Twentieth Century-Fox

U.S.A. 1946

Director: John Ford

Cast:

Wyatt Earp. . . . . . . . . . . .Henry Fonda

Doc Holliday. . . . . . . . . .Victor Mature

Clementine Carter. . . . .Cathy Downs

Old Man Clanton. . . . . .Walter Brennan

Chihuahua. . . . . . . . . . . Linda Darnell

Morgan Earp. . . . . . . . . . Ward Bond

Virgil Earp. . . . . . . . . . . . Tim Holt

Billy Clanton. . . . . . . . . . John Ireland

James Earp. . . . . . . . . . . . Don Garner

Ike Clanton. . . . . . . . . . . Grant Withers

Questions for reflection in your electronic journal.

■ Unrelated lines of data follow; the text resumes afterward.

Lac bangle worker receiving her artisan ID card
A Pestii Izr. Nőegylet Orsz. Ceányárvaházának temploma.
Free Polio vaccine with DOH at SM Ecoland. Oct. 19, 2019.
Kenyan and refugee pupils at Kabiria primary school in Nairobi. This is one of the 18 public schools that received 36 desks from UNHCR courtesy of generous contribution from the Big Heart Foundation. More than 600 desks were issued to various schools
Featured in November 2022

Choose a few--say three--and let us hear your thoughts:

1. In what ways is Tombstone a typical--or atypical--example of a "frontier town" as Warshow describes such places?

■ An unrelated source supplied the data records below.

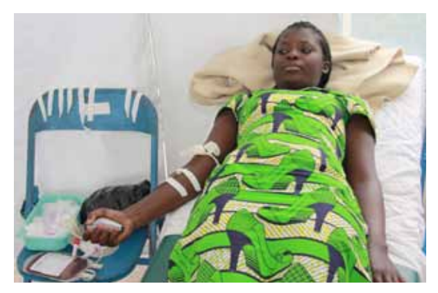
UoN students and staff donate blood during the drive.

The University of Nairobi (UoN) responded swiftly in supporting victims of the Westgate Shopping Mall terrorist attack on September 21, 2013 by setting up a blood donation drive. The blood drive was set up at the Chancellor's Court next to the University sports grounds and attracted many donors from the University community.
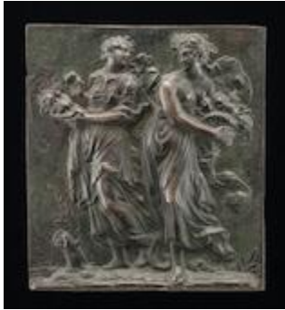
France 16th century;France 17th century Winter and Autumn c. 1600 bronze with dark brown patina 1957.14.543 4756 Washington, D.C., District of Columbia, The National Gallery of Art
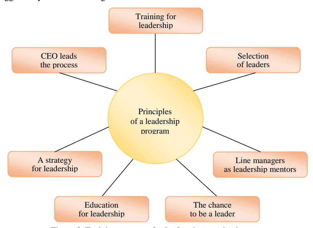
Figure 3. Training program for leaders in organizations

John Adair, a globally recognized authority in the field of leadership and management personnel development, finds that the leadership activity involves the application of certain principles. Such principles are not rules or logical steps of a plan, but general statements, universally or largely considered as true and fundamental (Adair, 2014). In other words, any training program for leaders in organizations should be governed by a number of fundamental principles, suggestively illustrated in Figure 3.
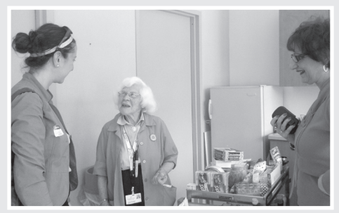
During this year's state budget, I worked to secure $1.3 million for elder abuse education and prevention programs, senior nutrition programs, and adult day care and transportation services.
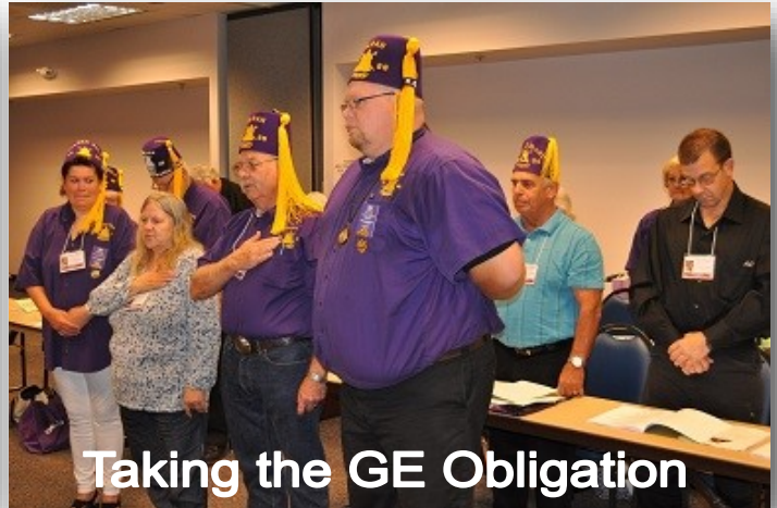
Taking the GE Obligation
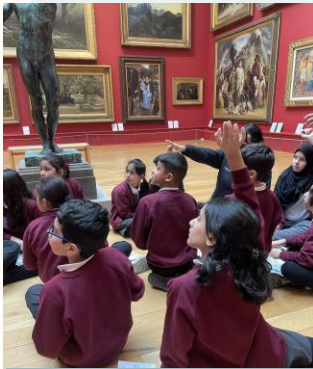
Year 4 trip to Leeds Art Gallery
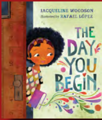
The Day You Begin by Jacqueline Woodson

When choosing books for this year's celebrations, focus on being inclusive of all your students and community. Below are just a few titles you can consider for your celebrations:
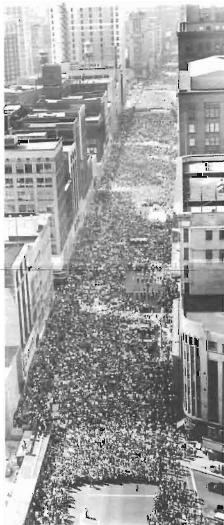
Mighty mass of humanity spills all over downtown Woodward Ave., in Detroit as thousands joined parade, singing hymns and spirituals.

So impressive was the great swarm of humanity that the Detroit daily newspapers were

2. What might be the symbolic function of the Hamlet soliloquy sequence in My Darling Clementine?

3. Warshow makes much of the distinction between the virtuous woman and the prostitute in Westerns. How might his arguments be related to My Darling Clementine? Do we see echoes of this myth in The Natural? Explain.

4. Warshow notes that "guns constitute the visible moral center of the Western movie" (92-93), meaning that the possibility of violence is continually present. He also suggests, however, that such violence is tempered by certain "rules" or "laws." How do these thoughts relate to My Darling Clementine, and in what way does the film problematize violence?

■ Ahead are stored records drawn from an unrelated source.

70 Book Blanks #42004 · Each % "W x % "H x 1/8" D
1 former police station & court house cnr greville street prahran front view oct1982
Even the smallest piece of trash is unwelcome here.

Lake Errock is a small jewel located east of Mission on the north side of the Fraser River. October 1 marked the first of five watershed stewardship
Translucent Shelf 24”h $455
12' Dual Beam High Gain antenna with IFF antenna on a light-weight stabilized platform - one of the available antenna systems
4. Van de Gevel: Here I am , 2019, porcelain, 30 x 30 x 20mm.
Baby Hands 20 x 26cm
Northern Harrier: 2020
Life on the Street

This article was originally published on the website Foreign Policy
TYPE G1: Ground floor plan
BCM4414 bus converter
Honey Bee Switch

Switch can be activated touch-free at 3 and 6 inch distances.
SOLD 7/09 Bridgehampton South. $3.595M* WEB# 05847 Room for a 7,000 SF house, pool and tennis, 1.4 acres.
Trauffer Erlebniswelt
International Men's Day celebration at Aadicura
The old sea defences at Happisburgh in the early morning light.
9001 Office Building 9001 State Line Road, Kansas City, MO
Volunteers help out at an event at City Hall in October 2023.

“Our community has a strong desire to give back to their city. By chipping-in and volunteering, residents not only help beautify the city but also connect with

5. To what extent does the character of Wyatt Earp respond to Warshow's myth of the Westerner as "the last gentleman," in "the last art form in which the concept of honor retains its strength"(94)?

6. Much of Warshow's article implies a certain nostalgia as the reason for the Western's enduring popularity in American popular culture. If nostalgia is defined as a longing for things that are lost, what IS it that we believe we have lost, and that the Western reconstructs or retrieves for us?